/ Advice needed - papers used my pictures
This feels like the sort of thing that someone on UKC might have some experience of.
Three years ago, the Mail and Sun newspapers used stills acquired from a video I'd posted on Youtube as part of articles they published in their online editions about an incident that involved me. They had made no attempt to contact me prior to publication. The core of their articles was taken from a Bristol Post article (which I had been contacted about). There were additional photos in the Sun/Mail articles which weren't included in the BP article.
At the time, I chose not to take any action over it for personal reasons. Now however, I'd like more money, and concurrently I'd also like those institutions to have slightly less money. But I don't really know if I have a strong claim or where to start. My questions are broadly:
- Do I have a claim at all? Should they have used stills from my youtube videos without my permission, and can I charge for that?
- Does the length of time that's passed change things? Or my knowledge of the articles at the time?
- Will I have to jump through hoops to get anywhere? Is it worthwhile in terms of effort/potential reward?
Don't waste your time.
People suing for defamation struggle to get a good result.
> People suing for defamation struggle to get a good result.
But it's not suing for deformation, it's asking for recompense for use of media I produced.
Can you honestly afford to take a newspaper to court? I mean how much was this content they stole actually worth?
The point I was trying to make was that trying to get money out of a major media company may be difficult.
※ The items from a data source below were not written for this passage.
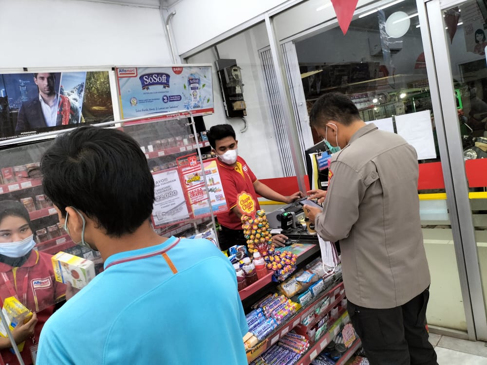Polresta Serkot | Personel Polsek Kramatwatu Polresta Serkot melaksanakan kegiatan Patroli guna memberikan rasa aman kepada masyarakat dengan sasaran minimarket Alfamart Jl. Raya Serang Cilegon Desa Serdang Kec. Kramatwatu Kab. Serang. Rabu, (20/7/2022)
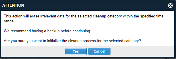 After you press the Run button Cleanup Monitor will open a pop-up window to assure the intended action is performed consciously. Select Yes to proceed or Cancel to Discard.
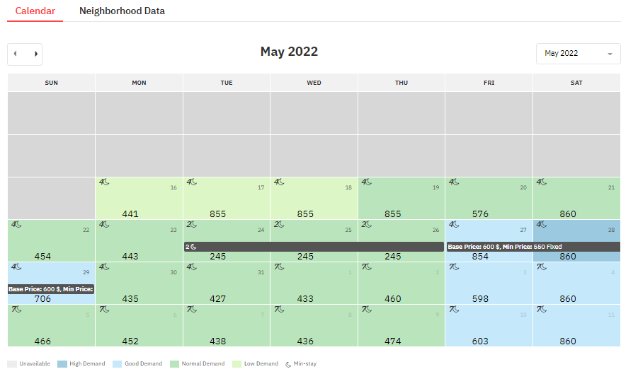 Base price is the average rate that a property manager charges across the year. All market factors, demand patterns, and customizations are applied to the base price to come to a recommended rate for a particular date. This rate will fluctuate based on the quality of your listing.
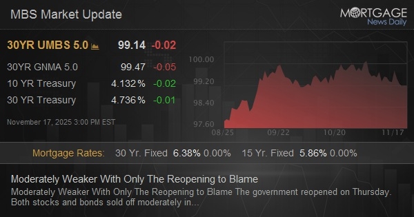 The government reopened on Thursday. Both stocks and bonds sold off moderately in response. The bond market weakness is in line with our expectations for a confirmed reopening based on the simple logic that a prolonged shutdown would have been increasingly detrimental to economic growth. Comments from a few Fed speakers added fuel to the fire by calling a December rate cut into question. That said, assuming the big-ticket econ data is back up and running by then, the outcome of those reports will likely add clarity to rate cut expectations (or lack thereof). In case anyone needs the reminder, econ data WILL NOT simply resume on its previous calendar. Releases that were on the schedule will be delayed until further notice and we continue waiting for an updated release schedule from data agencies.

Not least because you haven't got a claim: "fair dealing" would likely apply
While your video as a whole is copyrighted, stills from the video may be considered fair use.
I doubt you’ll get anything other than the bum’s rush from the newspapers, they’re pretty good at knowing their legal position
I think you need to have a close look at YouTube terms and conditions to see what rights you have given away by posting it there.
If you still own the copyright and publishing rights, then I suppose your claim would be for use of copyright material without your permission. What fee might be payable for that I couldn't say, but I'd doubt you'd have much of a case for damages, seeing as you published it on YouTube for the whole world to see.
You might find that YouTube has been paid instead of you.....
> The point I was trying to make was that trying to get money out of a major media company may be difficult.
> Not least because you haven't got a claim: "fair dealing" would likely apply
Fair dealing cannot be applied to photos used to report a current event, which would appear to be the case described.
Do you want the cash or to see justice done?
It might be easier to ask that any money you think is owed, is paid to a charity. I don't know what the rates are for using a photo, but I don't suppose it's a life changing amount. Being the season of good will and all that, it could just work.
You're quids in then, even though it's not a photo (technicaly).
Go for it, more power to you. You want to start with a web search for a NWNF solicitor.
As Birdie Num Num says this is covered under "fair dealing" if the stills were used to report a current news event. If they'd been photos you would have a case.
> Fair dealing cannot be applied to photos used to report a current event
You're right, but video stills aren't technically photos.
It probably won't get you anywhere but you can try pinging these guys on Twitter.
There have been quite a few examples lately of the Daily Mail and others asking for permission to use photos from members of the public, having that permission quite explicitly refused, and then using them anyway.
The legal situation is spelled out here.
In practice I think you will have problems making a claim from so long ago. However, it is worth writing to them giving the date, issue and page number (if printed) of the pix, telling them the shots are your copyright and requesting payment at the usual rates.. They will no doubt ignore you so follow up a week or so later with a phone call to the picture desk.
If that fails, and you are willing to push it, try the small claims court. They may pay up just to be rid of the hassle. Demanding big amounts may be counter-productive since the more you ask for the more it is worth resisting the claim.
Otherwise forget it. After all, you did not care at the time and the amounts will be relatively trivial. As has been said above, they have deep pockets and are used to fending off this sort of claim How much of your life are you willing to give over to pursuing it?